Evaluate the model on the test set:

result = model.evaluate(X_test, y_test, 
                       batch_size=BATCH_SIZE)
print(f'Test accuracy: {result[1]}')

This block prints as follows:

Test accuracy: 0.90233546

Use the model to make predictions on a test image, displaying the probability of each label:

test_image = np.expand_dims(X_test[0], axis=0)
probabilities = model.predict(test_image)[0]
for label, p in zip(mlb.classes_, probabilities):
    print(f'{label}: {p * 100:.2f}%')

That prints this:

Casual: 100.00%
Formal: 0.00%
Men: 1.08%
Smart Casual: 0.01%
Women: 99.16%

Compare the ground truth labels with the network's prediction:

ground_truth_labels = np.expand_dims(y_test[0], 
                                     axis=0)
ground_truth_labels = mlb.inverse_transform(ground_truth_labels)
print(f'Ground truth labels: {ground_truth_labels}')

The output is as follows:

Ground truth labels: [('Casual', 'Women')]

Let's see how it all works in the next section.

How it works…

We implemented a smaller version of a VGG network, which is capable of performing multi-label, multi-class classification, by modeling independent distributions for the gender and usage metadata associated with each watch. In other words, we modeled two binary classification problems at the same time: one for gender, and one for usage. This is the reason we activated the outputs of the network with Sigmoid, instead of Softmax, and also why the loss function used is binary_crossentropy and not categorical_crossentropy.

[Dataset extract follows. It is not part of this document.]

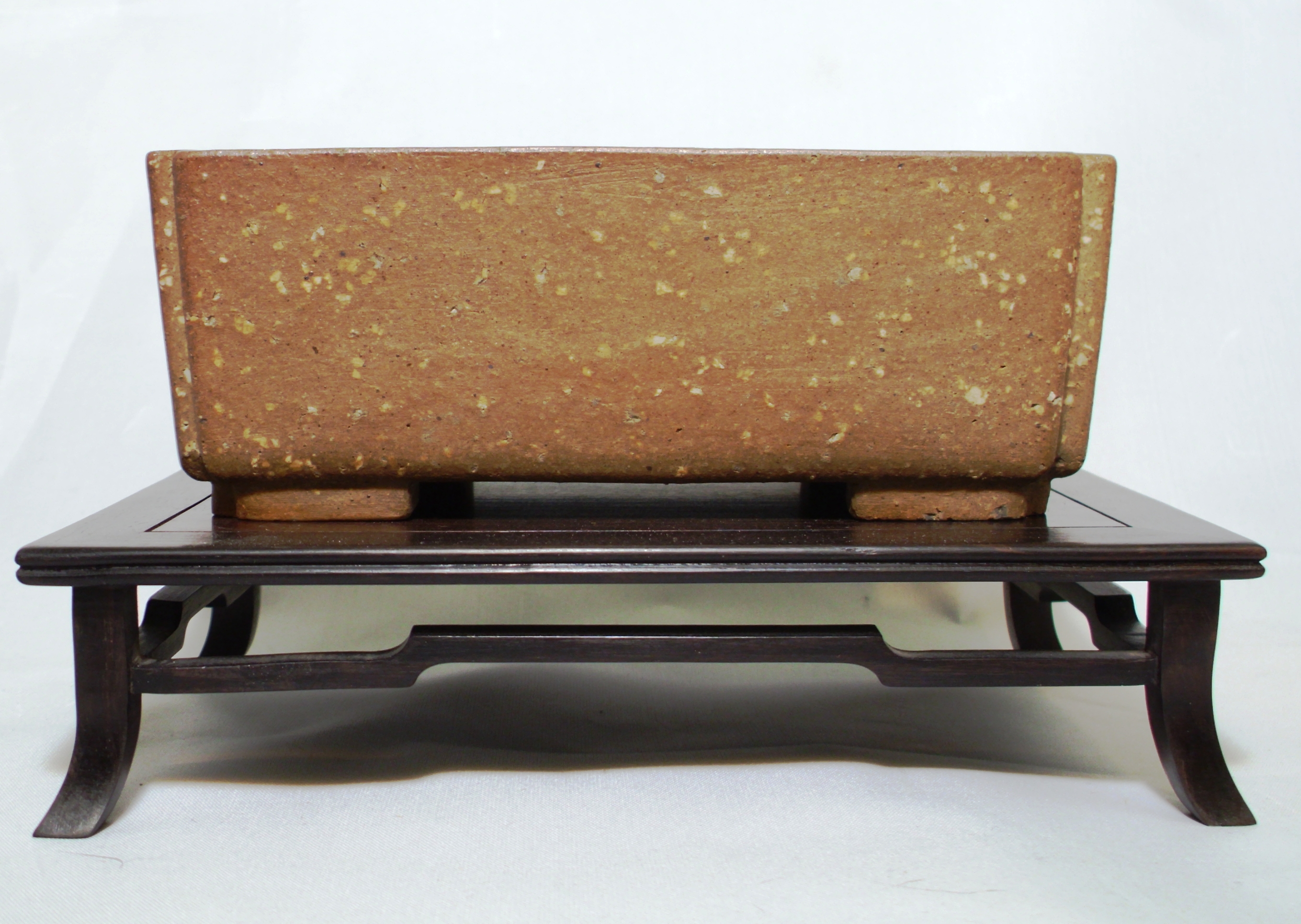 A First generation Tofukuji with cut corners and cut feet, pear skin clay. Tofukuji pots with this stamp were made from the middle to the end of his career. I love the pear skin clay of this pot, and the angles and cut corners are clean and straight.

We trained the aforementioned network over 20 epochs, on batches of 64 images at a time, obtaining a respectable 90% accuracy on the test set. Finally, we made a prediction on an unseen image from the test set and verified that the labels produced with great certainty by the network (100% certainty for Casual, and 99.16% for Women) correspond to the ground truth categories Casual and Women.